Work to be completed >> The listing below holds pictures; exclude them. Return exactly the lines from the one with "3月21日,在北京市东城区安定门街道钟鼓楼文化广场核酸采样点,医护人员为居民进行核酸采样。 新华社记者 鞠焕宗" through the one with "Di dalam pouch".

Data for review >>
■ ■ ■ ■

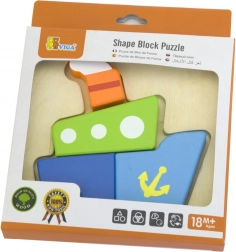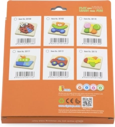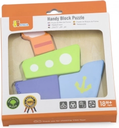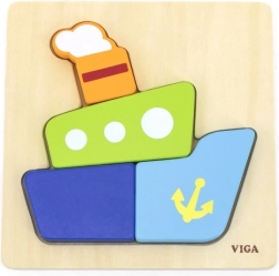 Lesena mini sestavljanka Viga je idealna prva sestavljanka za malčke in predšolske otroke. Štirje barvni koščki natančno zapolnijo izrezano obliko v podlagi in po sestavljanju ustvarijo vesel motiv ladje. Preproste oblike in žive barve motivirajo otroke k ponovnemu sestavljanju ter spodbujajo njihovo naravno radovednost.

■ ■ ■ ■

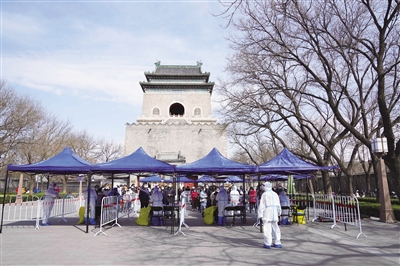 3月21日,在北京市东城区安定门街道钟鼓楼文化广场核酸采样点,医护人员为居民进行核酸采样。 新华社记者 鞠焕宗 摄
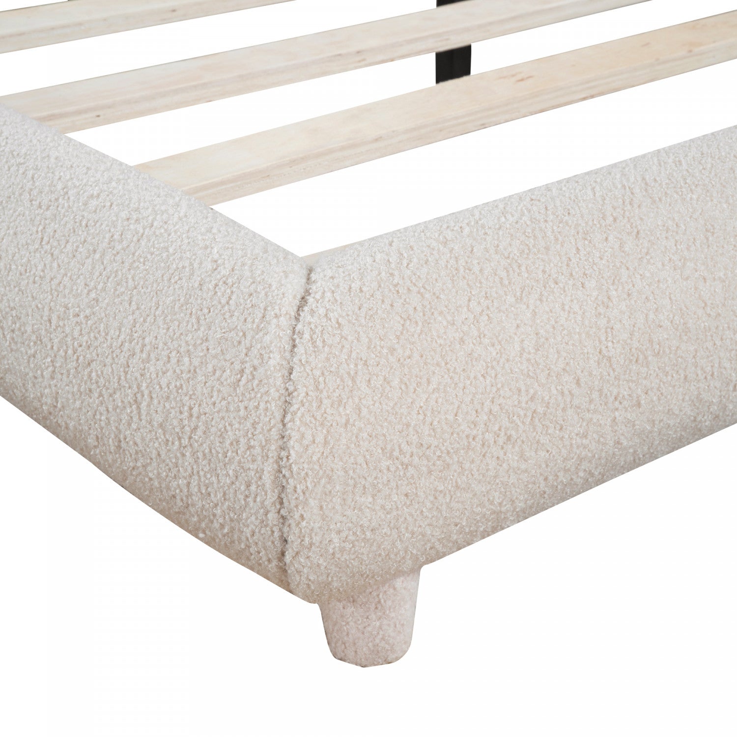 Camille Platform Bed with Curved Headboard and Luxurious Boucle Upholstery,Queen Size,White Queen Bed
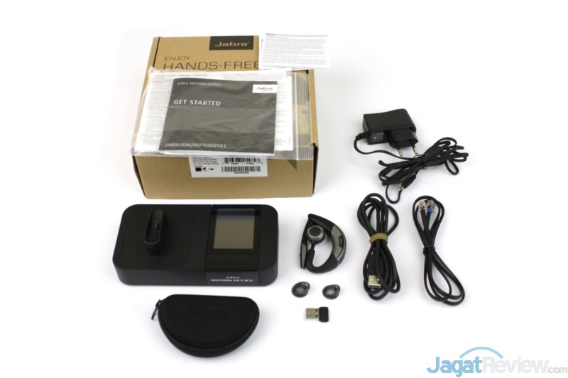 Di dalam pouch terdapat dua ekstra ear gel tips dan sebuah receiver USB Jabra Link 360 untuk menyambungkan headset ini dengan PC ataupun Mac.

■ ■ ■ ■

Output of the exercise >>
 3月21日,在北京市东城区安定门街道钟鼓楼文化广场核酸采样点,医护人员为居民进行核酸采样。 新华社记者 鞠焕宗 摄
 Camille Platform Bed with Curved Headboard and Luxurious Boucle Upholstery,Queen Size,White Queen Bed
 Di dalam pouch terdapat dua ekstra ear gel tips dan sebuah receiver USB Jabra Link 360 untuk menyambungkan headset ini dengan PC ataupun Mac.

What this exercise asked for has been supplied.